The invention has the following remarkable advantages:
the invention enhances the specificity of a reaction system by introducing the primer modified by locked nucleic acid and the probe, and simultaneously optimizes the concentration of the primer and the probe, the denaturation time and the annealing/extension temperature of the microfluidic chip type digital PCR, thereby further improving the amplification efficiency of the system and enhancing the fluorescent signal. The invention can eliminate non-specific products generated by non-methylated alleles, the improved new technology has higher sensitivity and specificity, and methylated and non-methylated Septin9 gene sequences can be distinguished from low-concentration free DNA.
Drawings
FIG. 1 is a sequence diagram of the sequencing of methylated and unmethylated plasmid standards. A. B, non-methylated plasmid standard substance; C. and D, methylating the plasmid standard substance.
FIG. 2 is a qPCR amplification chart for primer and probe specificity verification.

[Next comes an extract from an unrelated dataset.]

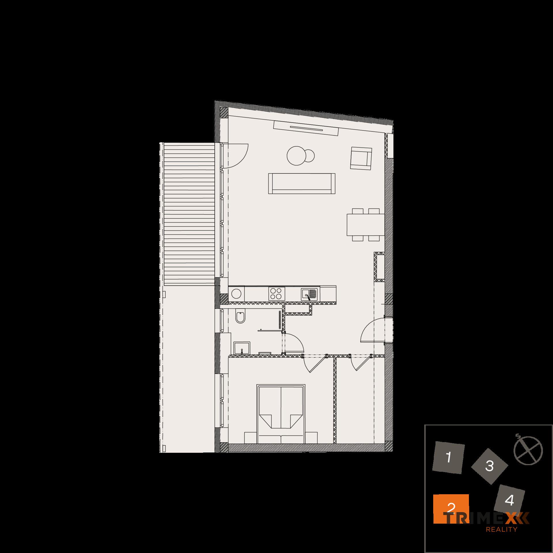 Rezidenci Štěpánov, Valašské Meziříčí, byt. jedn. 2+kk, 65,83 m2, terasa 9,95 m2, zahrada 88,49 m2

FIG. 3 is a digital PCR amplification plot of microfluidic chips with different denaturation times and different annealing/extension temperatures. A, different denaturation times; b, different annealing/extension temperatures.

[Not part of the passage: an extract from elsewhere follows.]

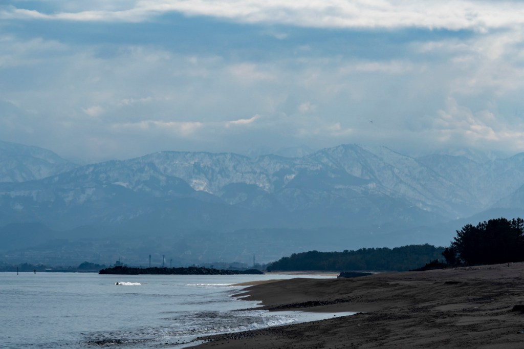 岩瀬浜から見る立山は、雲がかかっているのと逆光気味ということもあってモヤッとしていましたが、人が少ない午前中の海岸線を、気持ちよく散策できました。

FIG. 4 is a digital PCR amplification plot of microfluidic chip with different primer concentrations and different probe concentrations. A, different primer concentrations; b, different probe concentrations.
FIG. 5 is the linear range of the Septin9 methylation detection kit of the microfluidic chip type digital PCR.
FIG. 6 shows the specificity of Septin9 methylation detection kit of microfluidic chip digital PCR.
FIG. 7 shows the lowest detection limit of Septin9 methylation detection kit for microfluidic chip digital PCR.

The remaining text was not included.